Kiyemba v. Obama

by Deborah Pearlstein

In something of a surprise move, the Supreme Court decided today to grant cert in Kiyemba v. Obama – an enormously important case about whether or not the federal courts have the power to order Guantanamo detainees (whose writs of habeas corpus have been granted) released into the United States. The NYTimes story is here. The Justice Department’s statement on the grant is here.

From The Times story:

The case concerns 17 men from the largely Muslim Uighur region of western China who continue to be held although the government has determined that they pose no threat to the United States.

Last October, a federal judge here ordered the men released. But a federal appeals court reversed that ruling in February, saying that judges do not have the power to override immigration laws and force the executive branch to release foreigners into the United States.

An appeal from the Uighurs has been pending in the Supreme Court since April, and it is not clear why the justices acted on it now. The Obama administration has sent some of the prisoners to Bermuda, and Palau has said it will accept most of the rest. But one prisoner apparently has nowhere to go.

The prisoners have said they fear they will be tortured or executed if they are returned to China, where they are viewed as terrorists.

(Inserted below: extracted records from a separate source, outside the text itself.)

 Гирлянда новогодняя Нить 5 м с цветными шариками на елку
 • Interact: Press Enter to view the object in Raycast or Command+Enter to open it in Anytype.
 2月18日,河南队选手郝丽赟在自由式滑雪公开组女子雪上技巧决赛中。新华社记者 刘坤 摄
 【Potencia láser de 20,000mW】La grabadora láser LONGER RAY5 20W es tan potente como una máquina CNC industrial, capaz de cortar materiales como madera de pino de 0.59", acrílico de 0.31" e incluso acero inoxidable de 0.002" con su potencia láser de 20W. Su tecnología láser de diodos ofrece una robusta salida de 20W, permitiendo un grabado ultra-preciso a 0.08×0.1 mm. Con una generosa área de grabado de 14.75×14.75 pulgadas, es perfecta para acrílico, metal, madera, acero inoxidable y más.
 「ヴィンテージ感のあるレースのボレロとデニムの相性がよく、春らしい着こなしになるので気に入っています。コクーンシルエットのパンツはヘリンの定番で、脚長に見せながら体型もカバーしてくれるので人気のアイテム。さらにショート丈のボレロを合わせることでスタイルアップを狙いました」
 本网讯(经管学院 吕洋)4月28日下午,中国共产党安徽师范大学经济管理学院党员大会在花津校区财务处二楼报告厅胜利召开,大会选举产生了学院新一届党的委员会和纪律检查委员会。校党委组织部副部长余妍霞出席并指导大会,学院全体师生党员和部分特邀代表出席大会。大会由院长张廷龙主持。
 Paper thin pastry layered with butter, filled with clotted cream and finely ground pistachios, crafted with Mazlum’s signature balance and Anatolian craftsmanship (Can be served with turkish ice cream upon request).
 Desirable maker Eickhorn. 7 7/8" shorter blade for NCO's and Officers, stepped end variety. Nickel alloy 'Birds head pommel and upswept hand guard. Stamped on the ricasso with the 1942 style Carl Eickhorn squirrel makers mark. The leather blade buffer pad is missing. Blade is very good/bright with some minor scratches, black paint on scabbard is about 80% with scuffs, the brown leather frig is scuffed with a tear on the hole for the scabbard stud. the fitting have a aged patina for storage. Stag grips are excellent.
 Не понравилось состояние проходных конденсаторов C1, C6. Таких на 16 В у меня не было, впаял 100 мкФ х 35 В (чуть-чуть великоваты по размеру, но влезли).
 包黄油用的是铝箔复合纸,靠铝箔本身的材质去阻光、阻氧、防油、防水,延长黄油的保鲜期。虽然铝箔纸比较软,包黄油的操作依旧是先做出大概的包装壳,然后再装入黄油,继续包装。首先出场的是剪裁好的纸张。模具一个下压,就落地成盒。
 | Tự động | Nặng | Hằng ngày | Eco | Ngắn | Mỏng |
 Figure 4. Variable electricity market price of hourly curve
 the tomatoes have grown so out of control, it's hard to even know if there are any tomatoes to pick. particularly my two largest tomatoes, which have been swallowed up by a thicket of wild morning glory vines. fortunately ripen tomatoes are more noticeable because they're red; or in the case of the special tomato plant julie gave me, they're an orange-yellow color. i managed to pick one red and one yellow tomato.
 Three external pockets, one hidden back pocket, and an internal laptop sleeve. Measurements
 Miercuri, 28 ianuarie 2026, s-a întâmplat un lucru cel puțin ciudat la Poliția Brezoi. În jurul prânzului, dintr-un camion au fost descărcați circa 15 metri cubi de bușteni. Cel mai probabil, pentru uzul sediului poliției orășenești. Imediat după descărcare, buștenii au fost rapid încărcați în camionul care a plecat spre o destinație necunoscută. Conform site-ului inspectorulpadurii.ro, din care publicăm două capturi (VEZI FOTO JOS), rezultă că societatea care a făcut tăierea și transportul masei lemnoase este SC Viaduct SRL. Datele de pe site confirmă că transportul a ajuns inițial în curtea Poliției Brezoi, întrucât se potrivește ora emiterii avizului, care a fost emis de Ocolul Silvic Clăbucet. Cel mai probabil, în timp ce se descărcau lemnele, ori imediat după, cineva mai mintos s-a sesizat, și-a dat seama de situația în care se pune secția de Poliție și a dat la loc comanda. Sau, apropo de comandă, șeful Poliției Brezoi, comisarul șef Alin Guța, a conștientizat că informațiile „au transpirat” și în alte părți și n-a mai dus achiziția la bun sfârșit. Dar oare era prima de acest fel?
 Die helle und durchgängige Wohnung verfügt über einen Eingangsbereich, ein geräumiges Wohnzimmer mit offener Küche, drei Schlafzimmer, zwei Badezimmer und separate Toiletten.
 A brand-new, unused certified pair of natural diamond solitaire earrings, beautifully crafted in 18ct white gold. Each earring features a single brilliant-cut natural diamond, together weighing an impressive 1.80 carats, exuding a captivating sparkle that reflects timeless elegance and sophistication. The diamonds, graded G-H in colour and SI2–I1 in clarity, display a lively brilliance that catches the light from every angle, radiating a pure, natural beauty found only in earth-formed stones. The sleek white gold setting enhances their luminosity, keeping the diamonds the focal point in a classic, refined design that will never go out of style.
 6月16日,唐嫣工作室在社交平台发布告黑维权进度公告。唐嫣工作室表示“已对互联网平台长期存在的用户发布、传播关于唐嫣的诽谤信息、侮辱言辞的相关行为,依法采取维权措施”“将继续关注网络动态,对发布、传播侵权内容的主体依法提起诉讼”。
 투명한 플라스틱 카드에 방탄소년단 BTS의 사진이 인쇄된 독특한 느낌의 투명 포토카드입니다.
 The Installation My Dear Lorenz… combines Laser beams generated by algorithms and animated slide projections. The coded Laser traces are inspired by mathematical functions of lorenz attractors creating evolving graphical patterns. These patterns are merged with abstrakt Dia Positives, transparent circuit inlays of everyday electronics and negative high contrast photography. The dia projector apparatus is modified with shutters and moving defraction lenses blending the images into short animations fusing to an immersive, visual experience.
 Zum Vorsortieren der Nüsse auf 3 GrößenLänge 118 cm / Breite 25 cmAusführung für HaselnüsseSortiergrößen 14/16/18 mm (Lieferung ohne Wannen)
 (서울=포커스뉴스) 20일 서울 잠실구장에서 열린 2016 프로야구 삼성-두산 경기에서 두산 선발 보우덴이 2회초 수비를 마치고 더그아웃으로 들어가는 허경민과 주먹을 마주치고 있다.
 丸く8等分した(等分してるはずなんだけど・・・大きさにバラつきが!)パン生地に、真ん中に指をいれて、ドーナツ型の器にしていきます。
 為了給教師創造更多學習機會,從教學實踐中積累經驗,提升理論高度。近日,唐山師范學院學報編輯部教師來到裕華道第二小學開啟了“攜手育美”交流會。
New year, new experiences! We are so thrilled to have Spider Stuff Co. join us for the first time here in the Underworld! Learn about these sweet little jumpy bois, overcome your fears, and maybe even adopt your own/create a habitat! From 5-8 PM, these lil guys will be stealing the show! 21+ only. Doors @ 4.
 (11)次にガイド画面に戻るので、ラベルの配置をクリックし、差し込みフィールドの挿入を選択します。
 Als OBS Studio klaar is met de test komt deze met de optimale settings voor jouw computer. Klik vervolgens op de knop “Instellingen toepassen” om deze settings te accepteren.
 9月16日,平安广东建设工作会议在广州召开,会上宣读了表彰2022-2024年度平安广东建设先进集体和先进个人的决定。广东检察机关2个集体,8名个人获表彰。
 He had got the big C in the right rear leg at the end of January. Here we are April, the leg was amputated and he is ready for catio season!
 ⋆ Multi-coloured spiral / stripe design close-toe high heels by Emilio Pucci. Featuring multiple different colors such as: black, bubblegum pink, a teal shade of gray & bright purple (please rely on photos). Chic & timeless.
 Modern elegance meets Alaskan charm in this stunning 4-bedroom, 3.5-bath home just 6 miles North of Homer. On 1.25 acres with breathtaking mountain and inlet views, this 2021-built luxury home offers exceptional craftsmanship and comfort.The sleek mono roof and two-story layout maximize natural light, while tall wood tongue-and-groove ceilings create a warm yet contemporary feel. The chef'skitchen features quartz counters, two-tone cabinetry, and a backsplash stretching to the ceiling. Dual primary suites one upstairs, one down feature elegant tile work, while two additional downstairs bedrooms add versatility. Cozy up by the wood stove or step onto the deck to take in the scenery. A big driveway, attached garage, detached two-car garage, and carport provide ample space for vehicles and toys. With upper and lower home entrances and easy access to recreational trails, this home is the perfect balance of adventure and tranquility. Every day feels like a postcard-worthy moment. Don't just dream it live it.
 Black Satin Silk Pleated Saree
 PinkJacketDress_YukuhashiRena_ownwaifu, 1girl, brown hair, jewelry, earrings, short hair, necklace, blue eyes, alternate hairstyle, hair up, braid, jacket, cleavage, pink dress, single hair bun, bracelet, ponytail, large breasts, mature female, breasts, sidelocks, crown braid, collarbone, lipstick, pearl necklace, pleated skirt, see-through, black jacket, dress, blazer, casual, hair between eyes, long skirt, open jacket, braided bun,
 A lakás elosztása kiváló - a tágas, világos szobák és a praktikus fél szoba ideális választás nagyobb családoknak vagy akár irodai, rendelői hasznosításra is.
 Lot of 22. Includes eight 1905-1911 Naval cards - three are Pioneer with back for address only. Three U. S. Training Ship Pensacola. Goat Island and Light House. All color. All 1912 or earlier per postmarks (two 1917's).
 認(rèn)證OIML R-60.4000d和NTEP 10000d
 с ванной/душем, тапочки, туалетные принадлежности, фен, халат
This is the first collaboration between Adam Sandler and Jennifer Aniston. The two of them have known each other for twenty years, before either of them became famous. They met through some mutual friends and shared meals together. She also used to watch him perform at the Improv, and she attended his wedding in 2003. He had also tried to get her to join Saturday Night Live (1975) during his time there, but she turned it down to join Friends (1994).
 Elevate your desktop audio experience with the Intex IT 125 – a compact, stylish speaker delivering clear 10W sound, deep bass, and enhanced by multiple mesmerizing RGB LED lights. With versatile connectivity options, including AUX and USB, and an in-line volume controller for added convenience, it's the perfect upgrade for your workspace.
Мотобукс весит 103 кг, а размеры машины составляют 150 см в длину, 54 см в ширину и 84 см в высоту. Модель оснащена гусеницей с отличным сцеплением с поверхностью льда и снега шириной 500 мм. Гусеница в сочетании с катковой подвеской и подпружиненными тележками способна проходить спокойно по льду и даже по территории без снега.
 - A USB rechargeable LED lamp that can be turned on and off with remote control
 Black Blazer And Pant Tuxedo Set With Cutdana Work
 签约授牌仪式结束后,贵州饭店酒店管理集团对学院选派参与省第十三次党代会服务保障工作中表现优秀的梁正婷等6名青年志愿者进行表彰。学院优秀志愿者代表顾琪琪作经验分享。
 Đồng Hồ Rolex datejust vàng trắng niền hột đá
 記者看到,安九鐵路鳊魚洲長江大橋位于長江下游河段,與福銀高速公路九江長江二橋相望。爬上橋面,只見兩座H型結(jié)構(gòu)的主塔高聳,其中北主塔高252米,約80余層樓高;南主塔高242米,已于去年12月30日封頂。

The case presents the next logical legal question in the series of detainee cases to reach the court. Last year, in Boumediene v. Bush, the court ruled that federal judges have jurisdiction to hear habeas corpus claims from prisoners held at Guantánamo.

One Response

  1. I doubt the Supreme Court will end up deciding this case because it is most likely in the Obama Administration’s best interest to find a home for the last prisoner.  By making the claims moot, the Obama administration could avoid a clear judicial answer to this question–a question which could affect the ways in which Obama is able to operate until he is able to close Guantanamo Bay.